As the world gets ready for the annual World AIDS day on December 1st, the fight against HIV/AIDS prevention seems to be stalling. Even though for the last decade global response to AIDS has been transformed, currently new adult HIV infections have stonewalled.
By the end of 2015, an estimated 15 million people had access to life-saving HIV treatment. Additionally, according to UNAIDS, access to HIV treatment prevented a whopping 4.2 million deaths all over the world from 2002 to 2012.
But according to the latest UNAIDS Prevention gap report, in the last five years, the number of new HIV cases has remained at an estimated 1.9 million adults annually. The report also shows that in some regions the number of new HIV infections is rising instead of decreasing.
Reinvigorate HIV Prevention Efforts
It’s because of these bleak numbers that this year’s World AIDS day efforts are focusing on reinvigorating HIV prevention efforts in order to achieve the goal of eradicating the AIDS epidemic by 2030.
World AIDS Day celebration is the most recognized health days celebrations all over the world. The celebrations give health organizations the key opportunity to increase HIV/AIDS awareness among people, increase access to HIV/AIDS treatment and also continue the discussion on various preventive measures.
The celebrations are always geared towards supporting Member States to strengthen their health systems, come up with new and effective policies and programs, and to also increase the capacity of health sectors towards prevention and treatment of HIV/AIDS.
World AIDS Day 2016 Theme
The theme for this year’s celebrations is HIV Prevention. A campaign dubbed hands up for HIV prevention has been exploring different aspects of HIV prevention since September. The campaign has also been investigating how these aspects relate to specific cohorts of people, such as key populations living with HIV, young women and adolescent girls.
The campaign has been giving people the opportunity and space to offer their views on what they believe should be done to improve HIV prevention endeavors. The campaign has been covering HIV prevention efforts such as condoms, PrEP, HIV PEP, prevention of mother-to-child transmission, voluntary medical male circumcision and HIV testing and viral suppression. It’s also looking at how to address the obstacles preventing people living with HIV, young women and adolescent girls from obtaining and using these preventive services.

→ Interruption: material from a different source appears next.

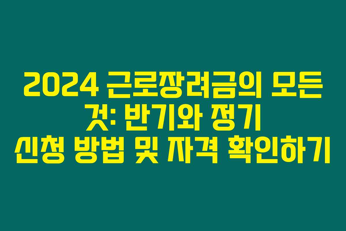 제가 직접 알아본 바로는 2024년의 근로장려금 반기 및 정기 신청 방법과 자격 조건에 대해 많은 분들이 헷갈려 하시다는 것을 알게 되었어요. 근로장려금은 저소득 근로자와 사업자들을 위한 매우 중요한 제도이지만, 신청 과정에서의 오류나 모르면 놓치는 기회가 많죠. 아래를 읽어보시면 정확한 신청 자격과 방법에 대해 알아보실 수 있을 거예요.
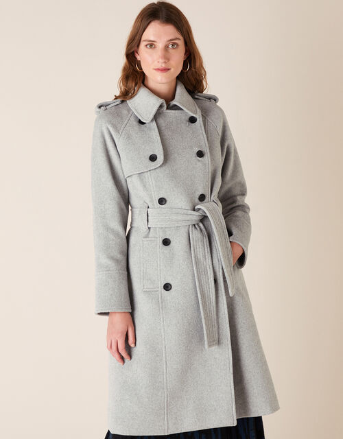 Buy Monsoon Grey Wool Blend Trench Coat From The Next Uk Online Shop

Current HIV/AIDS Statistics
HIV is still a major global public health issue that the world is grappling with. According to UNAIDS 2016 report, there were an estimated 36.7 million people living with HIV in 2015. 1.8 million of these were children. Sadly, about 40% of all people living with HIV are not aware that they are infected. New HIV infections in 2015 stood at about 2.1 million, 150,000 of these were among children. A good number of these infected children are living in sub-Saharan Africa and were infected through mother to child transmission during pregnancy, giving birth or breastfeeding.
From the time the HIV epidemic was first reported, an estimated 78 million people have been reported to be HIV positive, while 35 million of these have succumbed to AIDS-related illnesses. Statistics show that progress in preventing new HIV cases has been declining with numbers remaining static from 2010.
On the other hand, access to HIV treatment has increased dramatically over the last couple of years, especially in poor countries. By December 2015, 17 million people living with HIV were receiving antiretroviral treatment (ART). This is an increase from 15.8 million in June 2015 and 7.5 million in 2010.
There has also been a huge progress witnessed in the prevention of mother-to-child HIV transmission. In 2015, 77% of all pregnant women living with HIV had access to mother-to-child prevention treatment.
Very good progress has been made to ensure that people living with HIV/AIDS lead a healthy, comfortable and longer life. However, as we celebrate these huge strides this year, let’s not forget to continue fighting the fight against new HIV infections.